### [The task]
When you retype the entries, keep each one exact and leave out the pictures.

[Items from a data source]
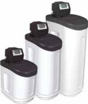
CS6L 1017 / 1026 / 1035
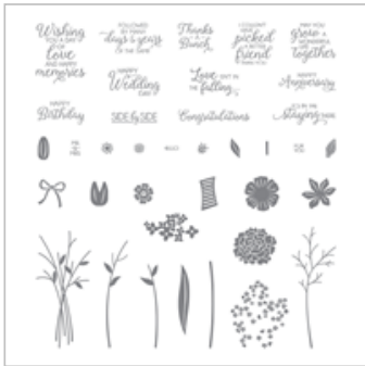
Beautiful Bouquet Photopolymer Stamp Set
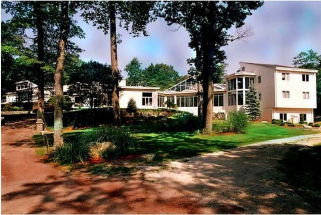
This six-bedroom modern mansion in Pound Ridge is up for auction. It sits on 5.8 acres and has a private hunting area.
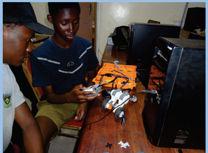
Students working together
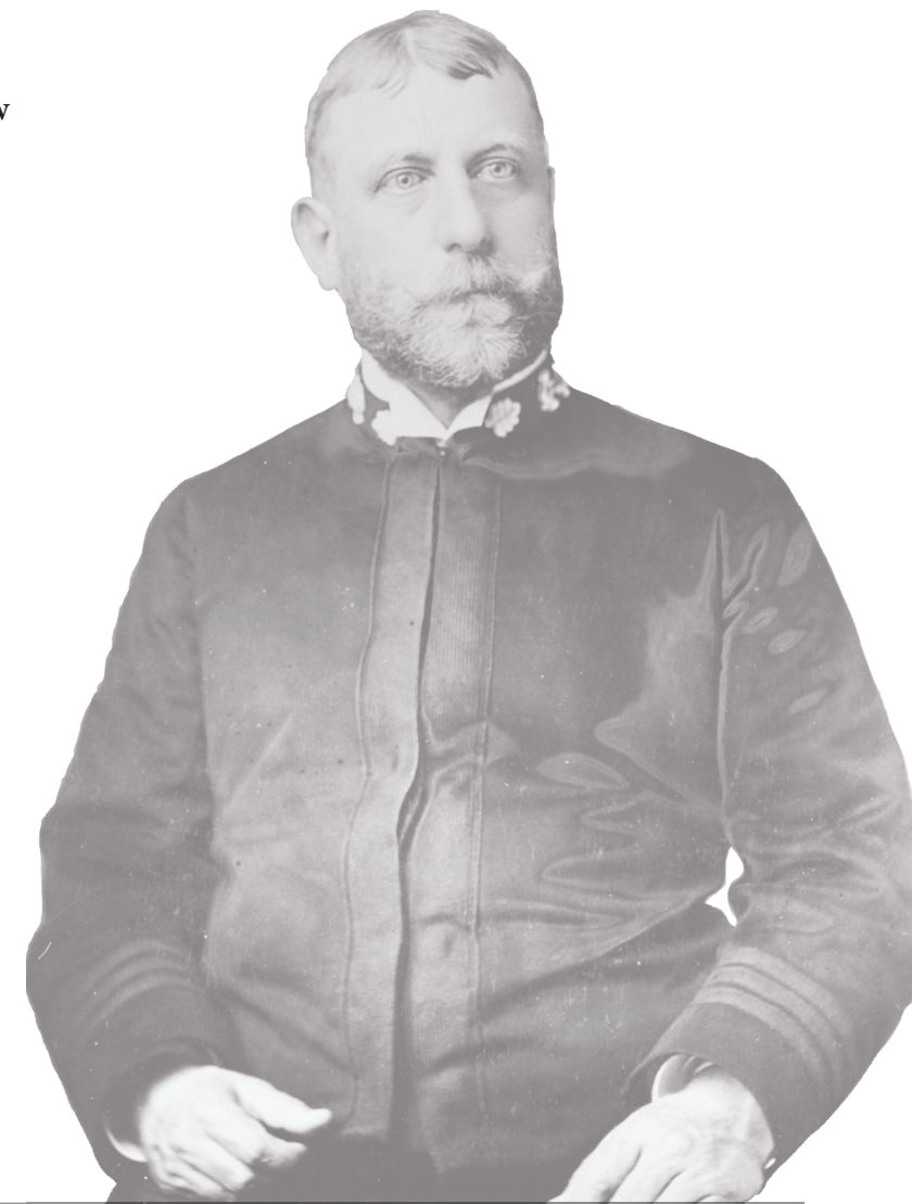
RADM Charles Herbert Stockton, USN

Stockton Center for International Law Center for Naval Warfare Studies 636 Cushing Road Newport, RI 02841 401-841-4949

### [Exercise result]
CS6L 1017 / 1026 / 1035
Beautiful Bouquet Photopolymer Stamp Set
This six-bedroom modern mansion in Pound Ridge is up for auction. It sits on 5.8 acres and has a private hunting area.
Students working together
RADM Charles Herbert Stockton, USN

Stockton Center for International Law Center for Naval Warfare Studies 636 Cushing Road Newport, RI 02841 401-841-4949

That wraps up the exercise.